Investigate dynamicfee module behavior

[tbruyelle]

Problem Statement

Between blocks 6,965,515 and 6,965,686, the AtomOne blockchain experienced sustained high gas consumption (~66M gas per block, well above the 50M target), yet the gas price barely increased — only +1.9% over 15 blocks. This report investigates why the AIMD EIP-1559 algorithm fails to respond adequately to moderate but persistent congestion, and evaluates parameter changes to fix the issue.

Algorithm Overview

The dynamic fee module implements AIMD EIP-1559 with an adaptive learning rate. At the end of each block:

1. Learning rate (LR) update based on average gas consumption across a sliding window:

   • If avg ≤ gamma OR avg ≥ (1 - gamma) → LR increases additively: LR = min(MaxLR, Alpha + LR)
   • If gamma < avg < (1 - gamma) → LR decreases multiplicatively: LR = max(MinLR, Beta × LR)

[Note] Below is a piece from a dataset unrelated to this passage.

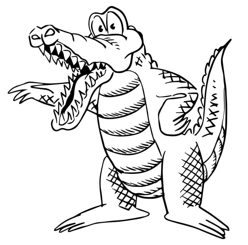 : Druckbar herunterladen Wütender Cartoon-Alligator Malvorlage
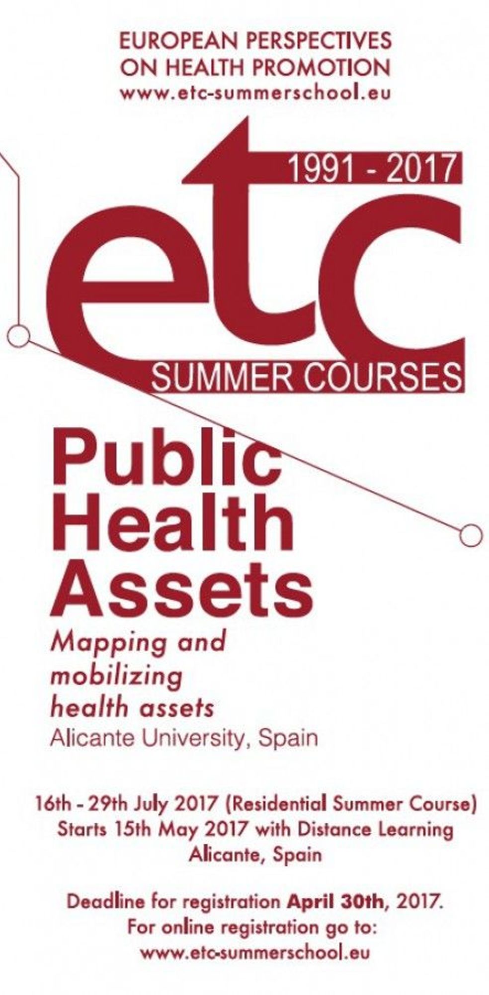 L'Université d’Alicante (Espagne) accueillera l’édition 2017 de l’Université européenne d’été du "European Training Consortium in Public Health and Health Promotion". Ce consortium, dont l’EHESP est membre, organise chaque année un cours de niveau master de 8ECTS comprenant des sessions d’e-learning dispensées à partir du mois de mai et une session d’été d’une durée de 2 semaines. Le Consortium est composé de 11 institutions provenant de 8 pays. La Chaire Inpes « Promotion de la santé » à l’EHESP participe à l’organisation et aux enseignements et souhaite encourager la présence de professionnels et étudiants de la France.

2. Base gas price update using the current block's gas and the newly computed LR:

   adjustment = 1 + LR × (blockGas - targetGas) / targetGas
   newPrice = price × adjustment
   

Current Parameters

Parameter	Value	Description
Alpha	0.025	Additive LR increase
Beta	0.95	Multiplicative LR decrease
Gamma	0.25	Equilibrium band threshold
MinLearningRate	0.01	LR floor
MaxLearningRate	0.50	LR ceiling
Window	8	Sliding window size (blocks)
TargetBlockUtilization	0.5	Target = 50% of MaxBlockGas
MaxBlockGas	100,000,000	Maximum gas per block
MinBaseGasPrice	0.01	Price floor

Root Cause Analysis

The learning rate collapses to its minimum

With gamma = 0.25, the equilibrium band is [0.25, 0.75]. The LR only increases when average window utilization falls below 25% or exceeds 75%. During the congested period:

• Blocks consistently consume ~66M gas (66% of max)
• Window average utilization: 42–58% (varies as the window slides)
• This falls squarely inside the [0.25, 0.75] band
• Therefore the LR decreases every block: LR = 0.95 × LR
• After ~45 blocks, the LR bottoms out at MinLearningRate = 0.01

With LR = 0.01, price adjustments are negligible

blockGas    = 66,066,947
targetGas   = 50,000,000
adjustment  = 1 + 0.01 × (66M - 50M) / 50M
            = 1 + 0.01 × 0.3213
            = 1.003213  →  only +0.32% per block

Over 15 blocks: 1.003213^15 ≈ 1.049 → +4.9% total increase.

For comparison, with LR = 0.5 (the maximum), the same block would produce:

adjustment = 1 + 0.5 × 0.3213 = 1.1607  →  +16% per block

The paradox

The algorithm is designed so that utilization between 25% and 75% is considered "normal", triggering LR reduction for stability. But 66% utilization is 32% above the 50% target — this is meaningful congestion that should produce a price signal. The current parameterization treats it as equilibrium.

Parameter Analysis

MinLearningRate (floor for LR)

Raising MinLR provides a constant, bounded improvement. The price adjustment per block scales linearly with MinLR. With MinLR=0.05, every block above target produces at least a 0.05 × (gas - target) / target relative price change, regardless of how long the congestion has lasted.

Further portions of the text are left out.